The standby instance has one purpose: to increase the availability of the system. If the primary instance fails, or if the entire AZ A goes down, the standby instance in a separate AZ will be promoted to the primary. This failover process takes 1-2 minutes. That is 1-2 minutes of downtime.

Recall that high availability is not about preventing downtime, but simply reducing it. Without a standby instance, there is a high probability that downtime will exceed the 1-2 mins it takes to recover with a standby instance.

Note that the standby instance does not help with fault tolerance, since the failure of the primary will still lead to downtime.

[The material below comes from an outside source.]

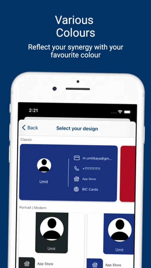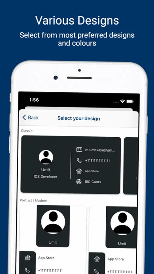 Interactive business cards app is the way to create free digital business cards in seconds. You can make your own business cards in different data sets and styles and store in your card holder to share anytime, as well as, receive cards from other users and keep them all in your special space in the app called "Card Holder".
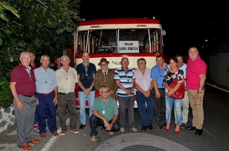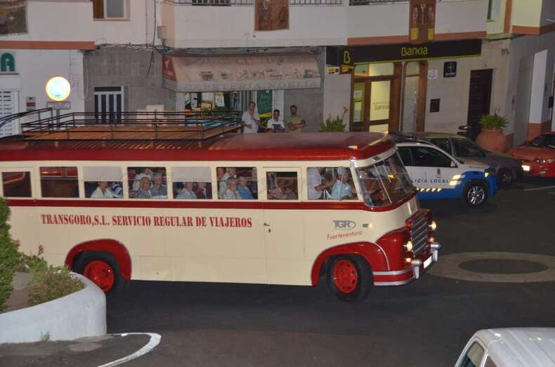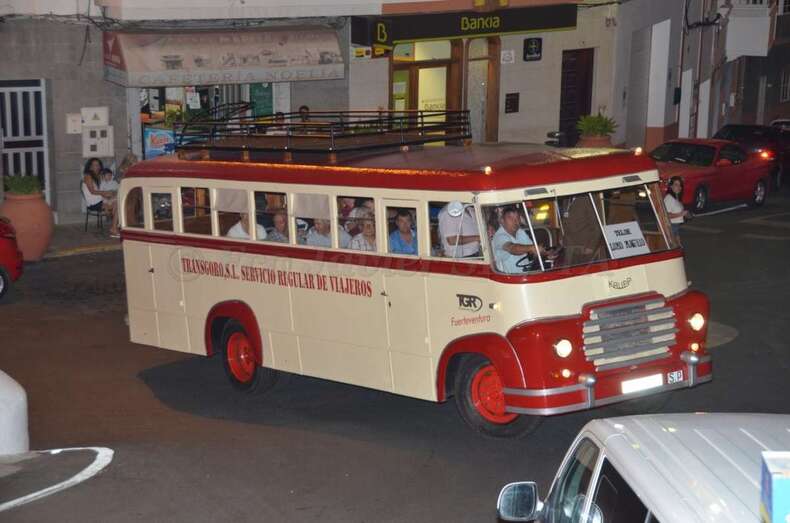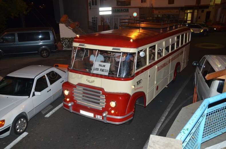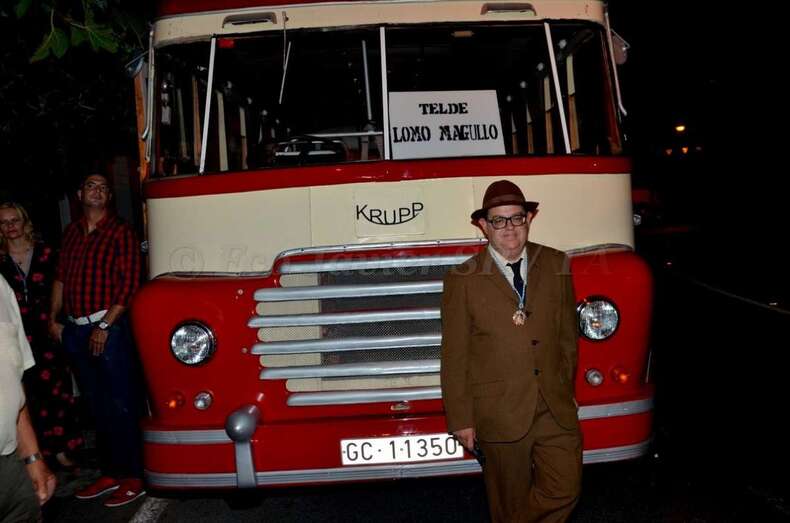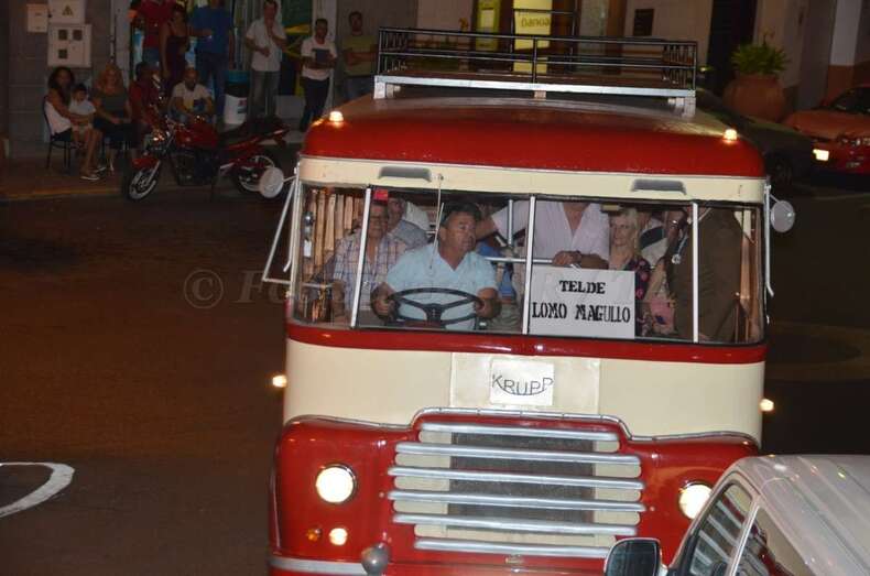 Sin embargo, el viejo y remozado vehículo no llegó hasta el casco de Lomo Magullo hasta las 22.45 horas (estaba previsto que lo hiciera a las 21.00 horas), lo que dio pie a que el pregón se prolongara hasta pasada la medianoche para desesperación del público que abarrotaba la plaza, entretenido con monólogos por un grupo teatral de Lomo Magullo.

How Fault Tolerance is Achieved

To eliminate downtime, you need a configuration that involves no failover. This is a job for read-only replicas. These are asynchronously replicated copies of the primary instance. Writes are only made to the primary instance. Read replicas are, as the name implies, read only.

Such an approach is ideal for read heavy application since read replicas can remove the additional burden of read requests from the primary instance.

In asynchronous replication, writes to a primary instance do not wait for a response from the read-only replica before the transaction is recorded as a success. This means that, for a time, data across the primary and read replica may not be identical (but rather, inconsistent) after a write to the primary.

This eventual consistency (a topic for another article) is a drawback of asynchronous replication. The benefit of asynchronous replication is that it does not wait for the read replica to respond before the transaction is recorded as a success.

This is important because if the read replica is down or there is a network failure, the primary can still accept subsequent writes without waiting for a response from the read replica, confirming that the previous write was successfully replicated.

The architecture above has two replicas: one synchronous and the other asynchronous. If all replicas are synchronous, then a failure in the standby replica or the read only replica, or even a network failure, brings the entire cluster down. This is a fragile design that exposes the entire system to failure if a single component fails. Having some replicas that are synchronous and others that are asynchronous improves the fault tolerance of the system.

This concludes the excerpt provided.